# Thanks for coming



## MarX

Hello!

How do you say "Thanks for coming to my party." in Romanian?
Let's say the party was a couple of days ago.

*Multsumesc pentru cä ai venit pe serbarea mea. *_?_

Thank you!


MarK

PS: Sorry, but I don't know how to type the Romanian special characters with my laptop.


----------



## Trisia

Mulţumesc că ai venit la petrecerea mea = Thanks for coming to my party.

Party is usually "petrecere." If this was a birthday party, you can use "petrecerea de ziua mea."

Serbare also means party, but in my side of the country I'd say it's used mainly for things like anniversaries or school parties (at the end of the school year, or when the kids finished learning the alphabet and now they're showing off to their parents )

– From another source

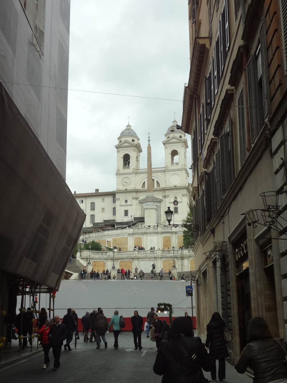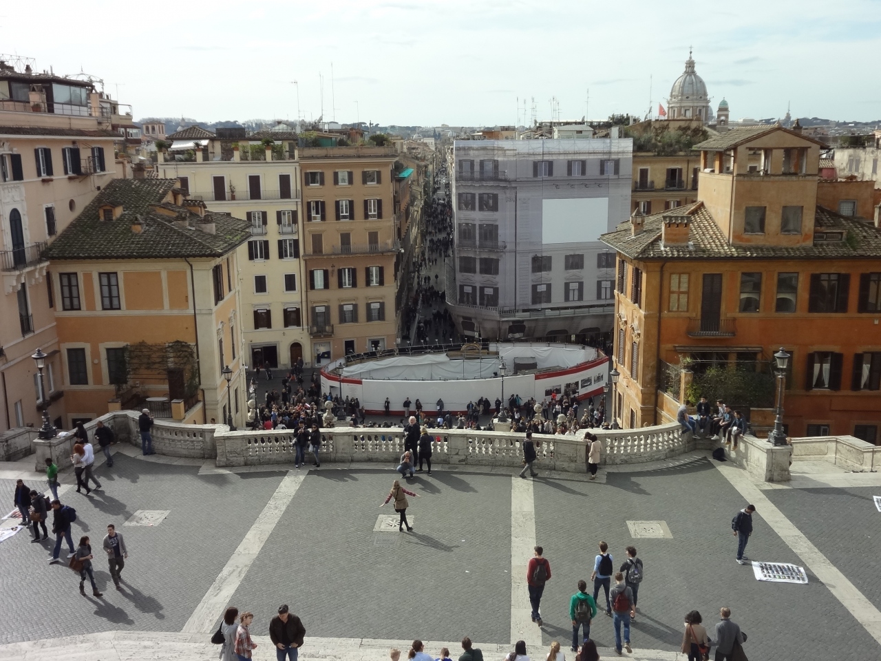 2014年2月、スペイン階段の下にある舟の噴水は、周囲を工事用フェンスに囲われていました。スペイン階段の上から見下ろすとちょっと不細工でしたが、フェンス前からスペイン階段を見上げた風景は同じでした。次回はフェンスの無いスペイン広場を見たいです。

Do you need to mention that it was two days ago?


----------



## areki

Multumesc că ai venit la petrecerea mea!


----------



## MarX

Multsumesc, guys!

I don't really need to say that it was two days ago. But i'm just curious. So you can say:

*Multsumesc cä ai venit la petrecerea de ziua mea face douä zii.* _?_


----------



## jazyk

The English sentence could also have a plural meaning, then you'd have:

Mulţumesc că *aţi* venit la petrecerea mea.


----------



## Trisia

Good point Jazyk!  I overlooked that... 

Mulţumesc că ai/aţi venit la petrecerea mea, de acum două zile (thanks for coming to my party two days ago)


----------



## MarX

Multsumesc foarte mult!


----------